*Required work*.
With the pictures left out, restate every entry word for word.

*Raw data*.
◇ ◇ ◇ ◇ ◇

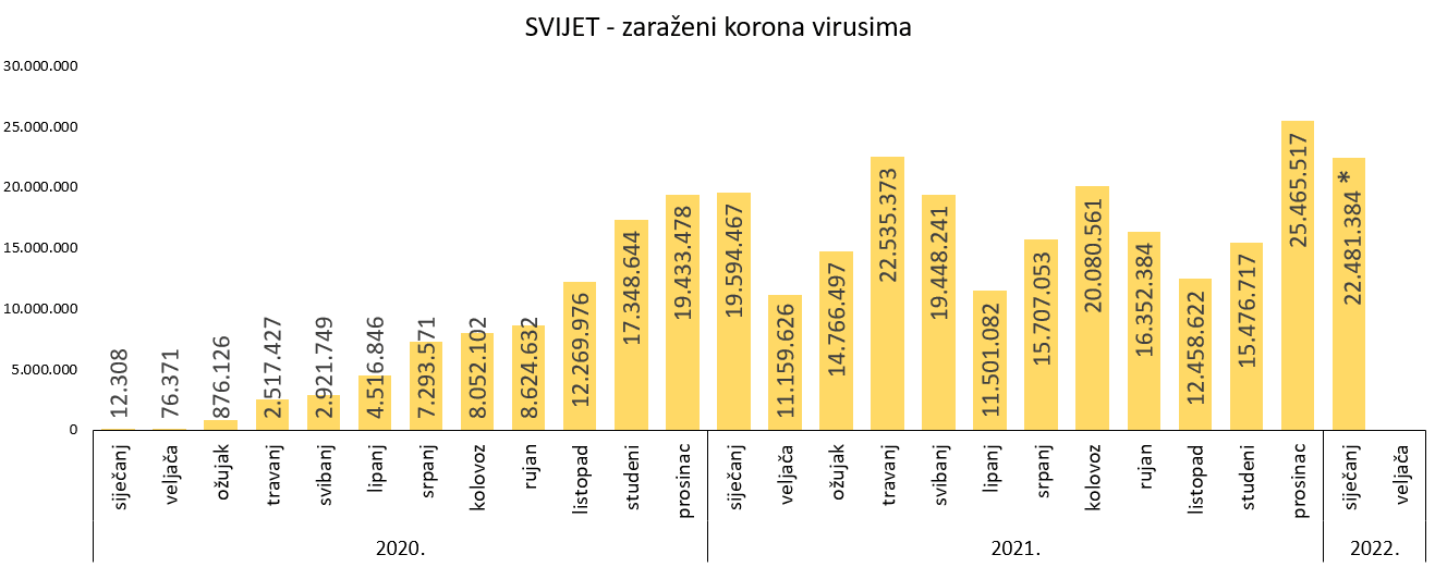 Omikron soj virusa korone sa svojim ishodištem u Južnoj Africi (JAR) neumoljivo se širi diljem Svijeta brzinom i snagom kojom obara sve rekorde. Prosinac je bio rekordni mjesec s 25,5 milijuna zaraženih dok siječanj 2022. nakon prvih deset dana najavljuje više nego dvostruko veće vrijednosti od prethodnog mjeseca prosinca.
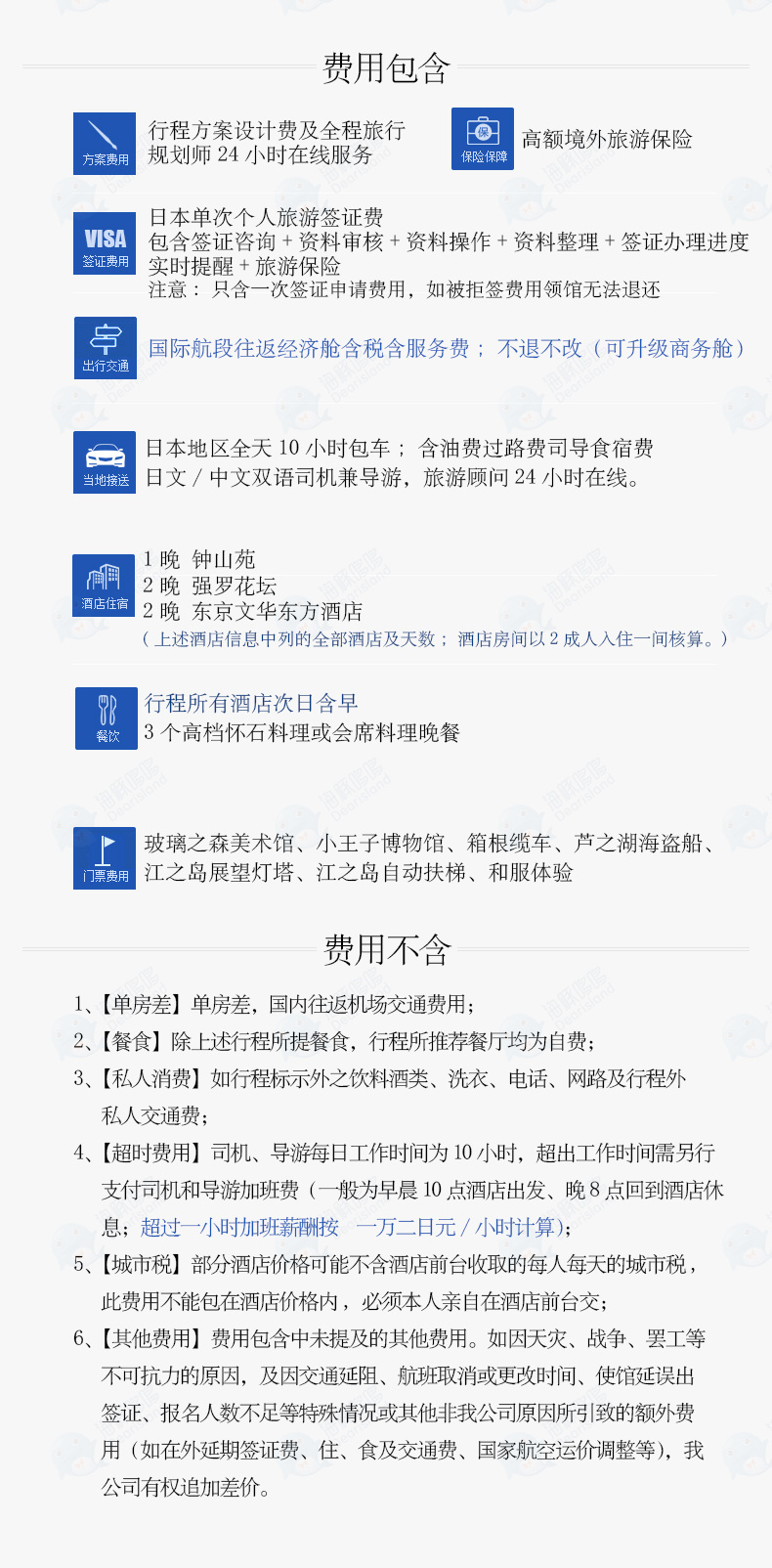 行程所有酒店次日含早,高档怀石料理或会席料理晚餐3餐
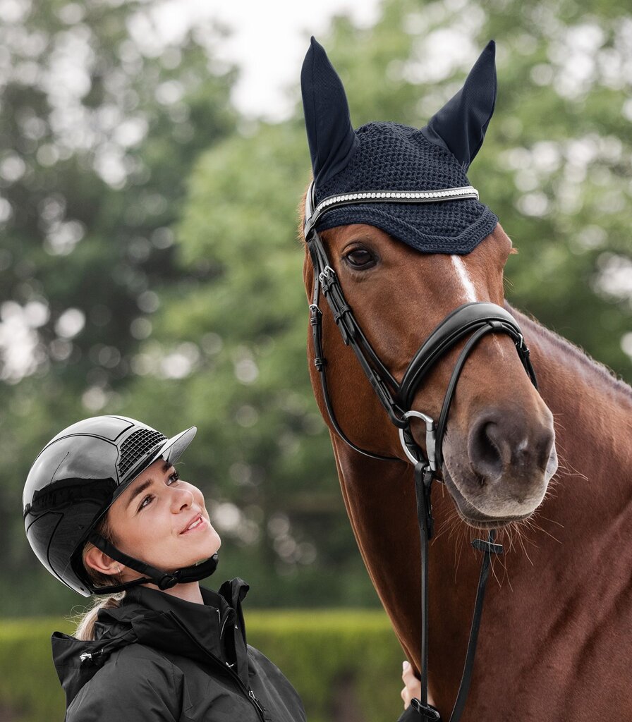 Nauszniki W Basic z szydełkowanym przodem Stylowy czaprak, który zapewnia koniowi wysoki komfort dzięki miękkiemu i elastycznemu materiałowi poliestrowemu. Idealnie dopasowuje się do ciała i jest wygodny nawet przy długotrwałym noszeniu. Szydełkowana część przednia uzupełniona jest ozdobnym sznurkiem w pasującym kolorze, który dodaje elegancji. Uszy wykonane są z wysoce oddychającej siateczki, która zapewnia optymalną wentylację i komfort noszenia.
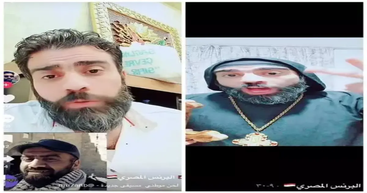 وأضاف: «رسالة إلي النائب العام.. الشخص ده عامل أكونت على التيك توك باسم البرنس المصري.. وبيصور فيديوهات وهو لابس ملابس كهنوتية ومعلق الصليب وراه بالمقلوب وماسك في إيديه صليب برضه بالمقلوب.. بيهين المسيحية ورموزها المقدسة إهانة واضحة بالألفاظ والحركات والقول والفعل.. باسمي وباسم كل أقباط مصر بنطالب بسرعة القبض عليه ومحاكمته منعًا لإثارة الفتنة وتكدير السلم العام، ياريت كل اللي يشوف البوست ده يعمل شير علي صفحته أو كوبي.. علشان الرسالة توصل بشكل جماعي».
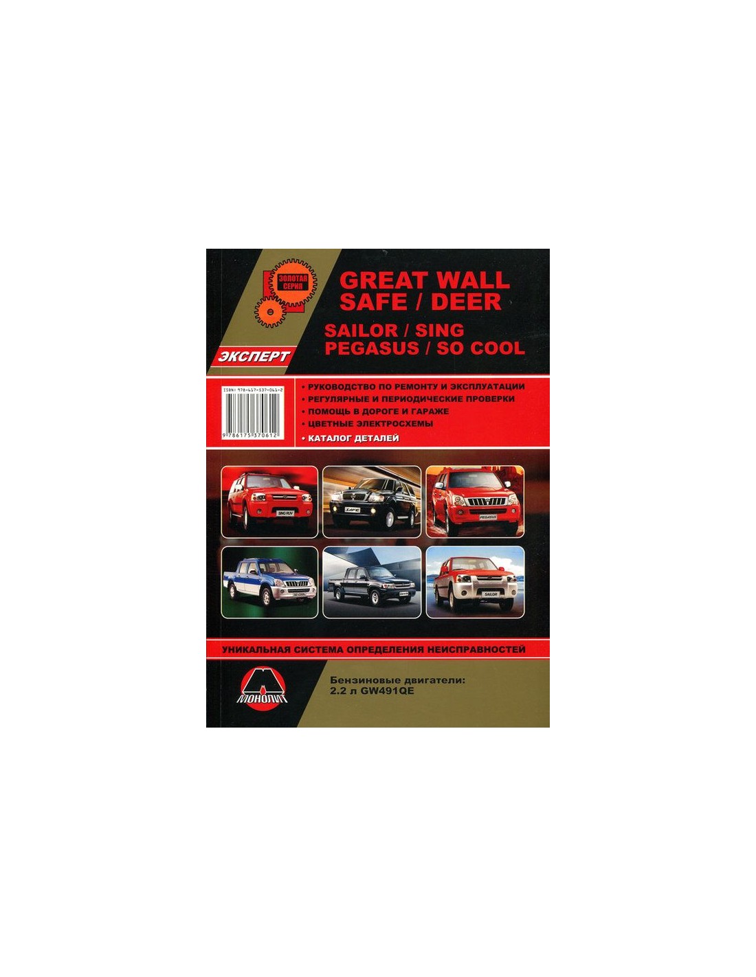 Книга по ремонту Great Wall Safe/Deer/Sailor/Sing RUV/Pegasus ,содержит руководство по эксплуатации,подробные сведения по техническому обслуживанию автомобиля,диагностике ремонту и регулировке элементов систем двигателя,в том числе электронного управления двигателем,систему смазки и охлаждения,запуска и зарядки,элементов механических и автоматических коробок передач,раздаточной коробки,тормозной системы,включая антиблокировочную систему тормозов,рулевого управления,подвески,кузовных элементов, систем кондиционирования и вентиляции.
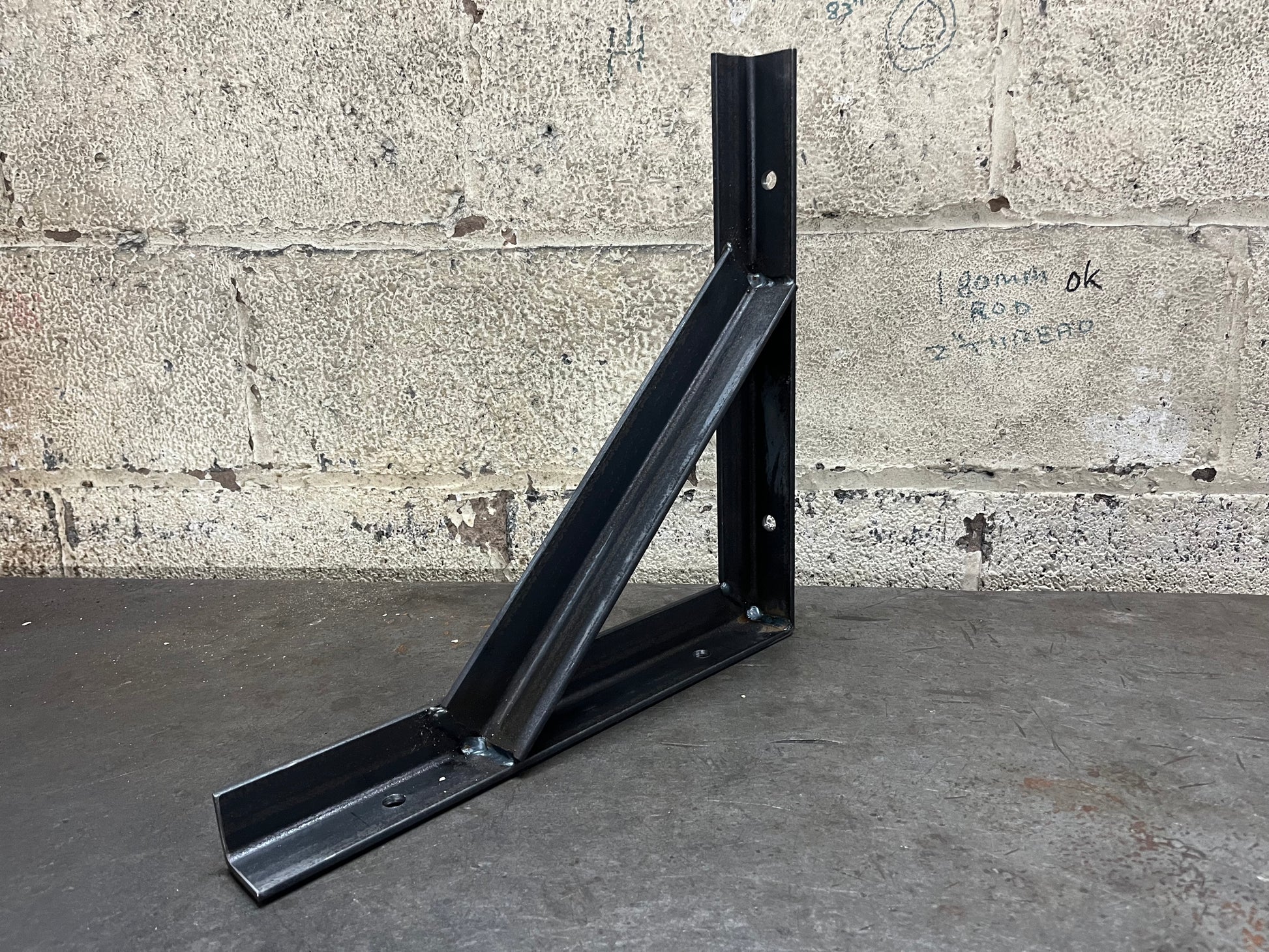 Made from angle iron mild steel 40x40mm. Inside brace is made from 40x40mm angle iron mild steel. Bracket is 5mm thick.
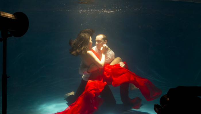 2016年,同樣在上海,一對跨國情侶在摩托車上起了爭執(zhí)。“我想拍個水下婚紗照,”來自烏魯木齊的Jenny說,“你知道吧,然后我們可以……”“我不要。”來自澳大利亞的David打斷她。但男生還是向女生妥協(xié)了。女生穿著一條火紅的長裙,在男生的懷里溫柔凝視對方。兩人潛入一個巨大的水缸,女生的發(fā)絲和裙擺在水波中飄蕩開來。站在水缸外的攝影師迅速按下快門。
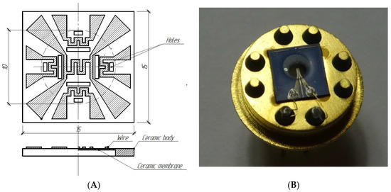 The analysis of this sensor design showed that its insufficient reliability. Final sensor design is presented in Figure 2B. The sensor is a ceramic chip, consisting of rigid ceramic frame with hole covered with 10–30 mm thick ceramic membrane. All elements of this chip are made of LTCC ceramics to avoid the problems with difference in thermal expansion coefficients. Microheater is made on the top of the membrane by aerosol jet printing of Pt ink. Power consumption of the microheater at working temperature used in thermoconductometric regime (150 °C) is of ~20 mW.
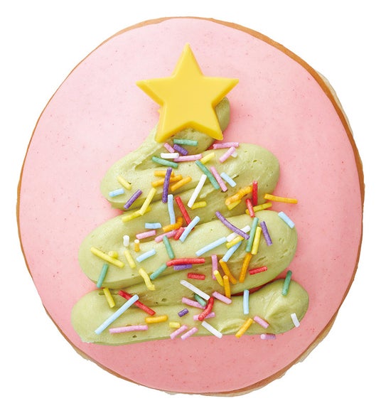 『ピスタチオ クリーム ツリー』は、甘酸っぱいストロベリーのチョコでコーティングした生地に、香ばしさを感じるピスタチオクリームでクリスマスツリーを描きました。カラフルに彩るレインボースプリンクルのトッピングに黄色い星を飾ったツリーが、ホリデーシーズンにきらめきを与えてくれます。
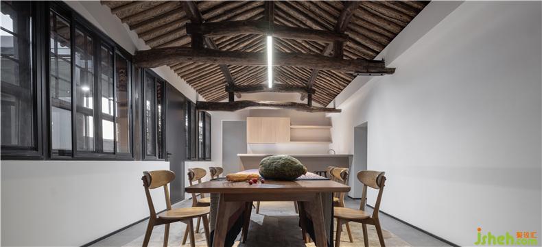老房子作為了新院子的餐館,內(nèi)部的屋面結(jié)構(gòu)被保留、加固,天然成為一種裝飾,提醒著觀者此處一切食物孕育自天地自然。室內(nèi)的家具與器物亦與之相匹配,圓潤的木材以天然的色澤再度強(qiáng)調(diào)空間的質(zhì)樸雅趣。
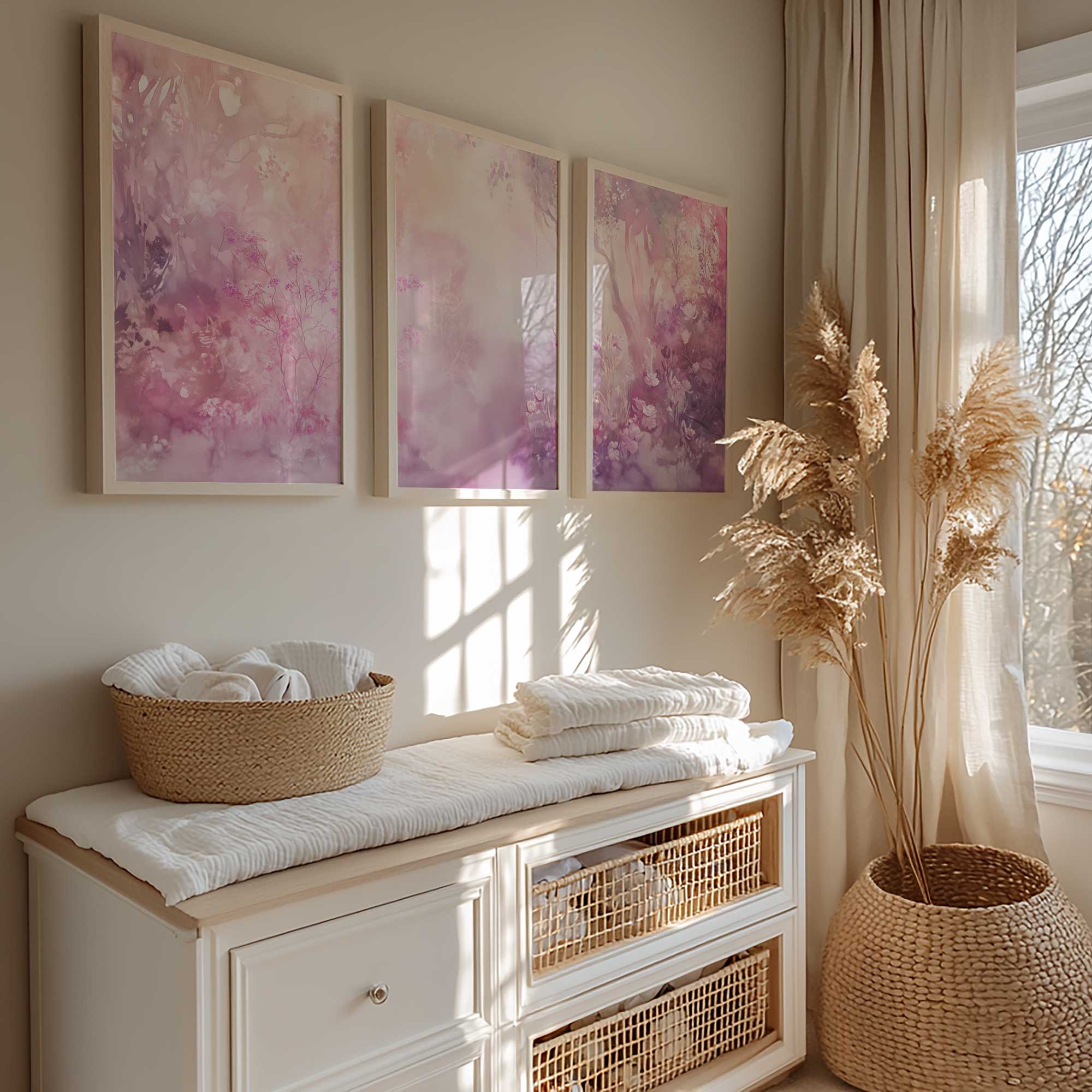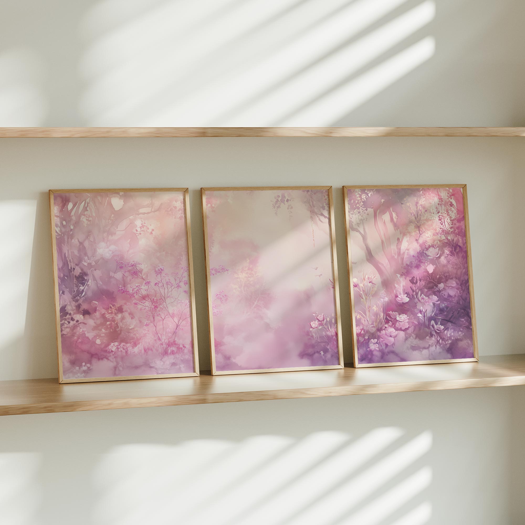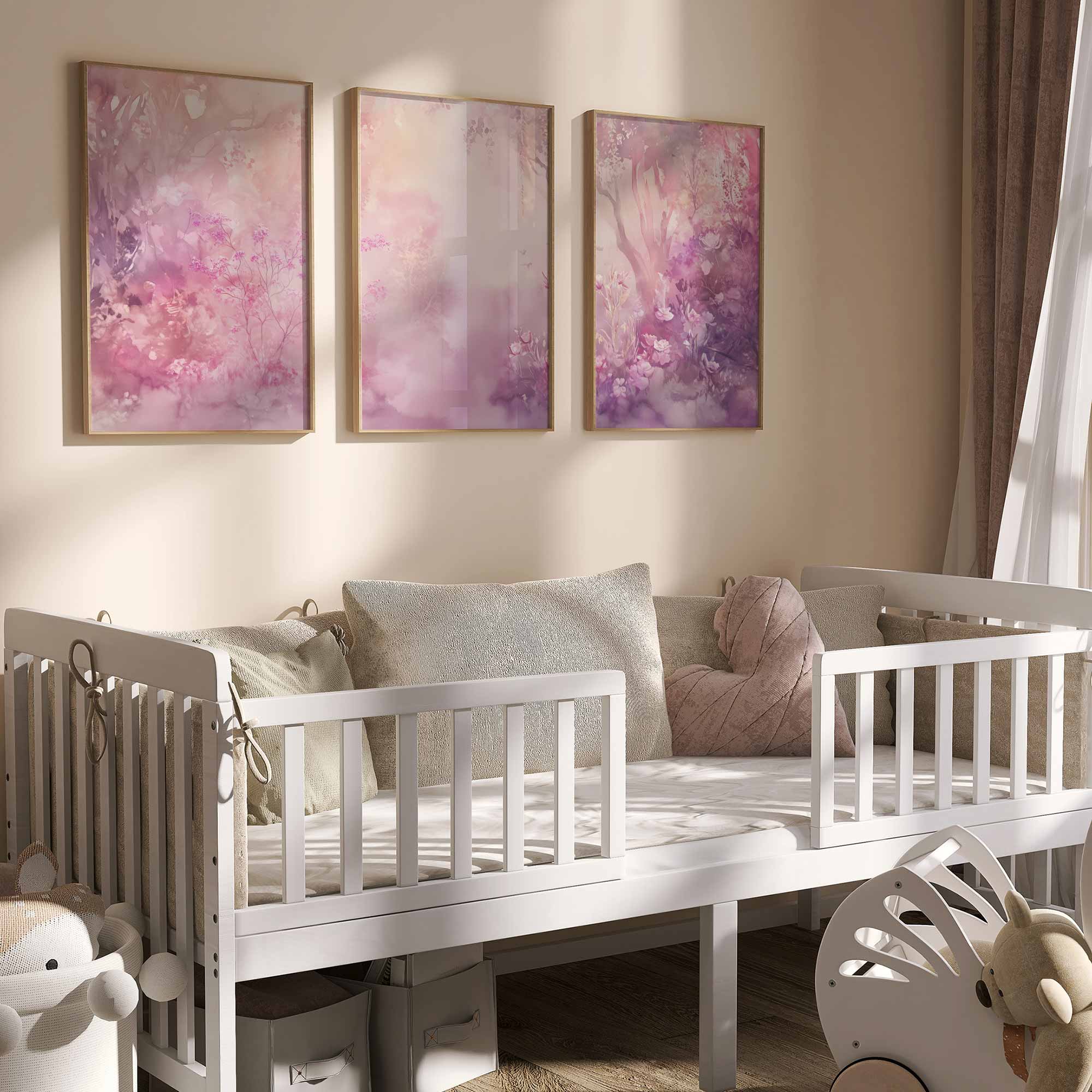 Terug naar collectie / Kinderkamer posters / Bloemen posters / Dromerig Watercolor: Roze en Paarse Bloemenpracht

◇ ◇ ◇ ◇ ◇

*Output of the task*.
 Omikron soj virusa korone sa svojim ishodištem u Južnoj Africi (JAR) neumoljivo se širi diljem Svijeta brzinom i snagom kojom obara sve rekorde. Prosinac je bio rekordni mjesec s 25,5 milijuna zaraženih dok siječanj 2022. nakon prvih deset dana najavljuje više nego dvostruko veće vrijednosti od prethodnog mjeseca prosinca.
 行程所有酒店次日含早,高档怀石料理或会席料理晚餐3餐
 Nauszniki W Basic z szydełkowanym przodem Stylowy czaprak, który zapewnia koniowi wysoki komfort dzięki miękkiemu i elastycznemu materiałowi poliestrowemu. Idealnie dopasowuje się do ciała i jest wygodny nawet przy długotrwałym noszeniu. Szydełkowana część przednia uzupełniona jest ozdobnym sznurkiem w pasującym kolorze, który dodaje elegancji. Uszy wykonane są z wysoce oddychającej siateczki, która zapewnia optymalną wentylację i komfort noszenia.
 وأضاف: «رسالة إلي النائب العام.. الشخص ده عامل أكونت على التيك توك باسم البرنس المصري.. وبيصور فيديوهات وهو لابس ملابس كهنوتية ومعلق الصليب وراه بالمقلوب وماسك في إيديه صليب برضه بالمقلوب.. بيهين المسيحية ورموزها المقدسة إهانة واضحة بالألفاظ والحركات والقول والفعل.. باسمي وباسم كل أقباط مصر بنطالب بسرعة القبض عليه ومحاكمته منعًا لإثارة الفتنة وتكدير السلم العام، ياريت كل اللي يشوف البوست ده يعمل شير علي صفحته أو كوبي.. علشان الرسالة توصل بشكل جماعي».
 Книга по ремонту Great Wall Safe/Deer/Sailor/Sing RUV/Pegasus ,содержит руководство по эксплуатации,подробные сведения по техническому обслуживанию автомобиля,диагностике ремонту и регулировке элементов систем двигателя,в том числе электронного управления двигателем,систему смазки и охлаждения,запуска и зарядки,элементов механических и автоматических коробок передач,раздаточной коробки,тормозной системы,включая антиблокировочную систему тормозов,рулевого управления,подвески,кузовных элементов, систем кондиционирования и вентиляции.
 Made from angle iron mild steel 40x40mm. Inside brace is made from 40x40mm angle iron mild steel. Bracket is 5mm thick.
 2016年,同樣在上海,一對跨國情侶在摩托車上起了爭執(zhí)。“我想拍個水下婚紗照,”來自烏魯木齊的Jenny說,“你知道吧,然后我們可以……”“我不要。”來自澳大利亞的David打斷她。但男生還是向女生妥協(xié)了。女生穿著一條火紅的長裙,在男生的懷里溫柔凝視對方。兩人潛入一個巨大的水缸,女生的發(fā)絲和裙擺在水波中飄蕩開來。站在水缸外的攝影師迅速按下快門。
 The analysis of this sensor design showed that its insufficient reliability. Final sensor design is presented in Figure 2B. The sensor is a ceramic chip, consisting of rigid ceramic frame with hole covered with 10–30 mm thick ceramic membrane. All elements of this chip are made of LTCC ceramics to avoid the problems with difference in thermal expansion coefficients. Microheater is made on the top of the membrane by aerosol jet printing of Pt ink. Power consumption of the microheater at working temperature used in thermoconductometric regime (150 °C) is of ~20 mW.
 『ピスタチオ クリーム ツリー』は、甘酸っぱいストロベリーのチョコでコーティングした生地に、香ばしさを感じるピスタチオクリームでクリスマスツリーを描きました。カラフルに彩るレインボースプリンクルのトッピングに黄色い星を飾ったツリーが、ホリデーシーズンにきらめきを与えてくれます。
老房子作為了新院子的餐館,內(nèi)部的屋面結(jié)構(gòu)被保留、加固,天然成為一種裝飾,提醒著觀者此處一切食物孕育自天地自然。室內(nèi)的家具與器物亦與之相匹配,圓潤的木材以天然的色澤再度強(qiáng)調(diào)空間的質(zhì)樸雅趣。
 Terug naar collectie / Kinderkamer posters / Bloemen posters / Dromerig Watercolor: Roze en Paarse Bloemenpracht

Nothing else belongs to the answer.